Since then, Kinder Morgan has continued to report its revenues based on the tariff, Vanderpool said, and he hasn’t challenged that because he is waiting to see what happens with the 2008 case. In the next three years, the tariff dropped, so the tax difference would not be so large for those subsequent years.

Meanwhile, company officials had discussions with Vanderpool about a compromise but were unable to come to an agreement. Vanderpool said the only reason he was willing to settle was to avoid a drawn-out court battle, not because he didn’t think he was right.

At the hearing, Commissioner Steve Chappell asked several questions to clarify that half of what is collected by Cortez Pipeline goes back to Kinder Morgan.

“It’s like charging yourself rent for living in your own house,” Chappell said.

And Commissioner Gerald Koppenhafer told Knight, “You could charge so much for the thing [tariff] that you could take all the profit out of it and you’re just paying yourself back.”

But Knight repeated that the non-operator owner, Cortez Vickers, has veto power over the price of the tariff, and added that anyone using the pipeline is charged the same fee.

“It’s not like we get special treatment.”

He said there are other shippers such as Occidental who use the pipeline who are not related to Kinder Morgan.
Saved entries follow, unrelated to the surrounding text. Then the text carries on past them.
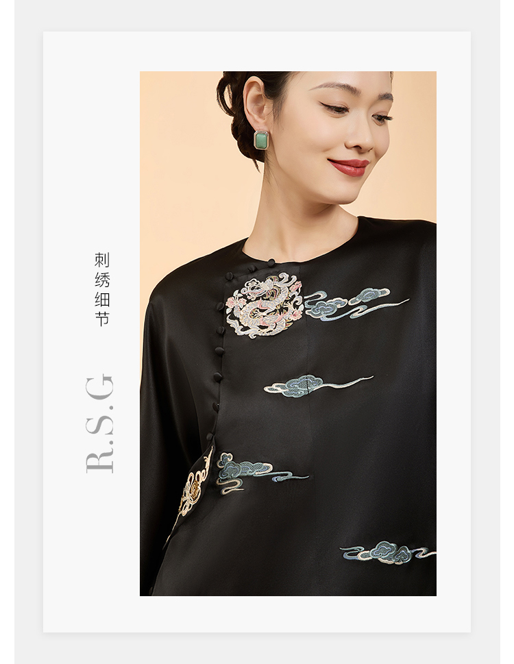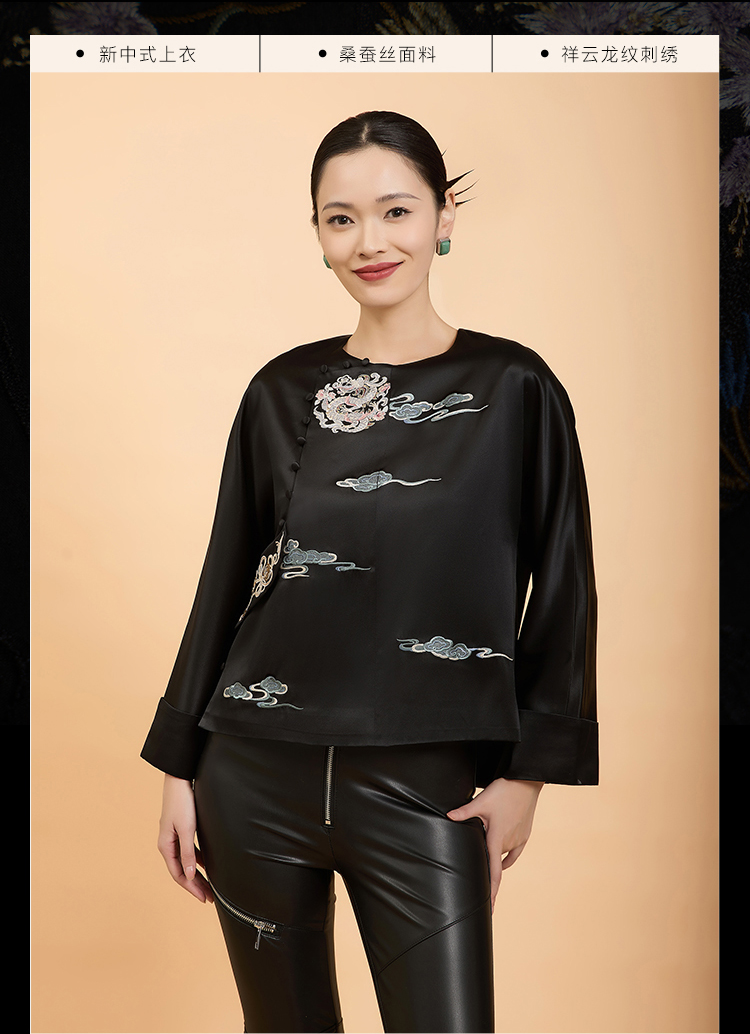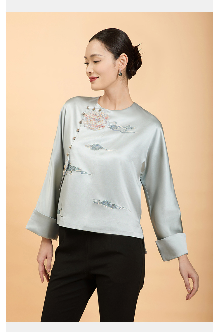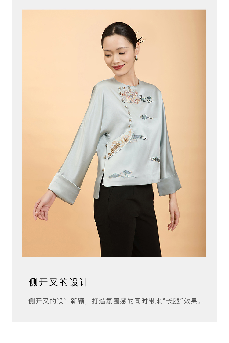 东方境X郭培联名系列:轻高定团龙祥云刺绣斜襟外套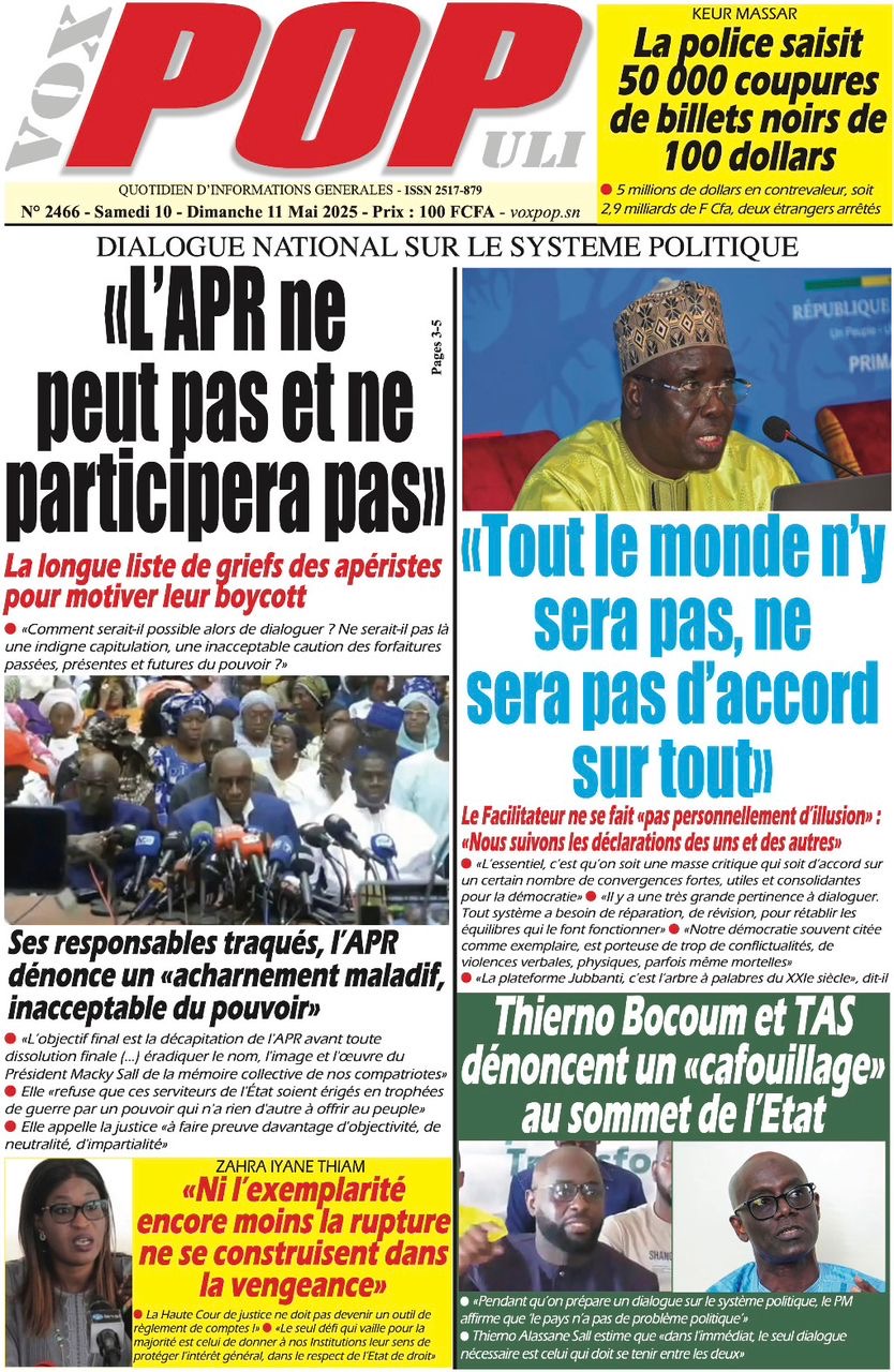 Revue de presse sénégalaise du samedi 10 mai 2025 : le dialogue national du 28 mai fait la UNE de plusieurs qui, abordent le sujet en mettant en exergue notamment l’annonce de boycott de l’APR de l’ex Président Macky Sall et le nombre d’entités qui vont participer.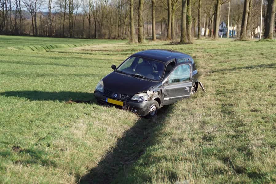 Een automobilist is donderdagmiddag in een droge sloot terecht gekomen na een aanrijding bij Beek. Geen van de betrokkenen raakte daarbij gewond.

But Vanderpool said of all the product that went through the Cortez Pipeline in 2007, 93 percent was for Kinder Morgan and Exxon- Mobil CO2, and just 7 percent for other operators. “The law of supply and demand tells me that if I’m going to transport 93 percent of a product through a pipeline, I’m going to strike a better bargain with that pipeline than a guy who’s going to transport 7 percent.”

Koppenhafer expressed concern that no one from ExxonMobil was there to represent the company, but Vanderpool said it didn’t really matter, because Kinder Morgan is the actual taxpayer and goes to the partners to get their share of the bill.

25 percent off

“The assessor’s not here to try to rape Kinder Morgan or hurt them,” Vanderpool said. “The assessor is trying to make sure they pay their fair share.

“My heart goes out to the senior citizen who sits across my desk crying because she can’t pay for her food and her taxes and her medicine more than my heart goes out to Kinder Morgan.”

Knight said he would like more time to talk with his superiors and with Vanderpool.

“I don’t know that anybody in the world is going to be persuasive enough to make me sharpen my pencil and make a better offer than I already have,” Vanderpool said.

He said he had offered to take 25 percent off the 2008 value, and the tax, with the condition that Kinder Morgan would not protest and that the assessor would not reevaluate taxes for years prior to 2008.

Kinder Morgan’s taxes for 2009, 2010 and 2011 would be reassessed using the actual production costs, and 25 percent would then be taken off those taxes as well, he said.

“Whatever we decide is going to tax this entity down the road forever,” Chappell said. “And they can appeal forever, and probably will,” Vanderpool said

The hearing was continued until Feb. 6 at 11 a.m.

As of Dec. 29, Vanderpool said he had not heard back from Kinder Morgan regarding any settlement.